Keona: I prep weekly, with a monthly overview. That means I plan the layout of what I’d like my children to learn each month, and weekly I plan more thoroughly step by step. It’s easier to have a plan so that you’re not teaching off the fly. But, you can always adjust your lessons as you go. Your children may catch on to a subject quickly, which enables you to move forward. Or, you may have to delay moving onto another subject if your children aren’t retaining the information.

Mayvenn: What extracurricular activities or fun school trips do you plan for learning outside of the classroom, or in your case at home?

Keona: Usually there’s a mix of learning at home and learning elsewhere. I take my daughters to museums, different parks for nature experiments and lessons and more. COVID-19 has changed that due to state mandates and social distancing; however, we still find creative ways to make learning fun and versatile.

Mayvenn: What do you say to parents who fear their children will lack social skills as a result of being homeschooled?

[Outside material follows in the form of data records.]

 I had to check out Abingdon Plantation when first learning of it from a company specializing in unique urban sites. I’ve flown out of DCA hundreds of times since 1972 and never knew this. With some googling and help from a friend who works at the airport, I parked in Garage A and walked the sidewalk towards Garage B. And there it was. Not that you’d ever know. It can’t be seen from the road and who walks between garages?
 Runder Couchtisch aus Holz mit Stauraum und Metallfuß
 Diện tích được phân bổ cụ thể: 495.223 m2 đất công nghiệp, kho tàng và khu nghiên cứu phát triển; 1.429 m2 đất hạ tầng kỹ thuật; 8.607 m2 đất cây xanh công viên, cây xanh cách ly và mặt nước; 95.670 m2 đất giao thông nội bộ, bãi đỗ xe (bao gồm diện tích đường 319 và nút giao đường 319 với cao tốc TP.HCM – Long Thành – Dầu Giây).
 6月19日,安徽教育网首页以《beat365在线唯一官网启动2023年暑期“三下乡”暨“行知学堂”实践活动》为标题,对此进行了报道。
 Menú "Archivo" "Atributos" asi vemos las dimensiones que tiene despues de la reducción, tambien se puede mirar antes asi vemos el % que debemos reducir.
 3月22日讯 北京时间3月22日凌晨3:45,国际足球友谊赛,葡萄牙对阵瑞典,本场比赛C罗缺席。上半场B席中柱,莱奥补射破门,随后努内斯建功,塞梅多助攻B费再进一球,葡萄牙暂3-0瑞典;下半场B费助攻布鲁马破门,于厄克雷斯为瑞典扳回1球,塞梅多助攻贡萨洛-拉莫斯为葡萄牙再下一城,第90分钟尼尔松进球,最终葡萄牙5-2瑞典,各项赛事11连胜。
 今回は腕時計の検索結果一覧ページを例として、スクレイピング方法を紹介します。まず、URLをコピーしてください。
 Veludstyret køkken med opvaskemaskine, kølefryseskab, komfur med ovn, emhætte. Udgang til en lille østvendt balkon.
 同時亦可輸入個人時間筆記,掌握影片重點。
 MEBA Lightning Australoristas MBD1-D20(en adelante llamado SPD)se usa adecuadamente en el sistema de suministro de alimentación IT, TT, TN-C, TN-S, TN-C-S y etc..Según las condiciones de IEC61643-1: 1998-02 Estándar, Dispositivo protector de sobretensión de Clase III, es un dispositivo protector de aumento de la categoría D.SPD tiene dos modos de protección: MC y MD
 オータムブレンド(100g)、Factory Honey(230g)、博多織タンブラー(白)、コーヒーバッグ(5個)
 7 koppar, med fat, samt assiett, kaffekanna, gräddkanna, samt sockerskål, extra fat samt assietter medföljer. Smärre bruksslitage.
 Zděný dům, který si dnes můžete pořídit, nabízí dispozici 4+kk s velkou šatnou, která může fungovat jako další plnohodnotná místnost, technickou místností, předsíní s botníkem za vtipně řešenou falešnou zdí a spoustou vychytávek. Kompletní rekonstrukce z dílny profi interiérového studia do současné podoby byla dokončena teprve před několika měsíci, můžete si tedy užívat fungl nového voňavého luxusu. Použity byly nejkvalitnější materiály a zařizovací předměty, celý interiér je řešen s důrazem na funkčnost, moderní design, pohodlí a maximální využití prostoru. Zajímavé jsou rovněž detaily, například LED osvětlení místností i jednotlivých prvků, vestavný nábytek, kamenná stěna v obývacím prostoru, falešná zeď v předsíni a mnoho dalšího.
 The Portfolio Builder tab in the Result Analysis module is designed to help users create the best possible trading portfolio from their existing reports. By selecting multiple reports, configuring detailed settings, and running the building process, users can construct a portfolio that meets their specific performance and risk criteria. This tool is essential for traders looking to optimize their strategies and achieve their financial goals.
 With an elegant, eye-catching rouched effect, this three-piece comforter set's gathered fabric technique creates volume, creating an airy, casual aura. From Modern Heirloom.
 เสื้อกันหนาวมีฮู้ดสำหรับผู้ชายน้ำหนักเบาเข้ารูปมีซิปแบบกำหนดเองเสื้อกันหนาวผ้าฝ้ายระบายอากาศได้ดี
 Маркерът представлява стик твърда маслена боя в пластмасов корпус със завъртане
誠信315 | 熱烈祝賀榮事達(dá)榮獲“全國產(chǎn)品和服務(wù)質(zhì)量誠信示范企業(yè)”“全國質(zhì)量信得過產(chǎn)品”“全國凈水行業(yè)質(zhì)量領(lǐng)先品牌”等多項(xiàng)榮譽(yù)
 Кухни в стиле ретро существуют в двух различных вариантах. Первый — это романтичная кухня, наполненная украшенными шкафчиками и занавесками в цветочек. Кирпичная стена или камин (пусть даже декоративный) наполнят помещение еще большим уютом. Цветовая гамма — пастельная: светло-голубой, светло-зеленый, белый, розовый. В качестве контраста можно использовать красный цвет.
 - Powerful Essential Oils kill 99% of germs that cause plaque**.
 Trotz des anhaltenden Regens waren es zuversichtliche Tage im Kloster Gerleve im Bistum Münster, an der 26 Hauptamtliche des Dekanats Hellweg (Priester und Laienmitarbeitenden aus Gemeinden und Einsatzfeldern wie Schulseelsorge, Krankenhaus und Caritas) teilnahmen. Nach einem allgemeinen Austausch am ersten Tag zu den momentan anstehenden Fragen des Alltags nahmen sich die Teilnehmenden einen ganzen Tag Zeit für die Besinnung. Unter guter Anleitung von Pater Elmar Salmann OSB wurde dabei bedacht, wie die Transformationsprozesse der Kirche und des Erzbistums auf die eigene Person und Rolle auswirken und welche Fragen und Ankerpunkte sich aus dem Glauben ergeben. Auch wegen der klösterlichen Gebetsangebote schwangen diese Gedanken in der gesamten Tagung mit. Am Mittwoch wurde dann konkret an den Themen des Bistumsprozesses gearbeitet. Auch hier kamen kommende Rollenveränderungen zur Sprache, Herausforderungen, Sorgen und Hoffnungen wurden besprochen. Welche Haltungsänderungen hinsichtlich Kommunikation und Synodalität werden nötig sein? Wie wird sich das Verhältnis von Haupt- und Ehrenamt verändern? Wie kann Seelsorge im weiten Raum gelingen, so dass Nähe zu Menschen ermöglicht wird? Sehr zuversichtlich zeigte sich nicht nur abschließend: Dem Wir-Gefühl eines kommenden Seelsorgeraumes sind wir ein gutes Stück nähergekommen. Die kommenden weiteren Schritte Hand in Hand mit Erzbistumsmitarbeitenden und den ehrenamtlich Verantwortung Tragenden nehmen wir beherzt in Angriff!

Keona: There’s a misconception that children who are homeschooled lack a social life. I mean as soon as you utter the words, “My children are homeschooled” the immediate response is, “How will they learn to socialize?” As if children in traditional schools are pushed to socialize. Children are almost pushed not to socialize in class every single day, as their focus is on learning.

The simple answer is keeping your kids engaged in extracurricular activities. It helps with finding a balance, just as in regular school. My children take dance classes, drama classes, swimming lessons and more. We also attend homeschool play dates, have recess dates, and participate in as many kid-friendly activities [as possible] outside of our home classroom.

You’ll also find that there’s a large homeschooling community. Finding friendships is only as daunting as one may think.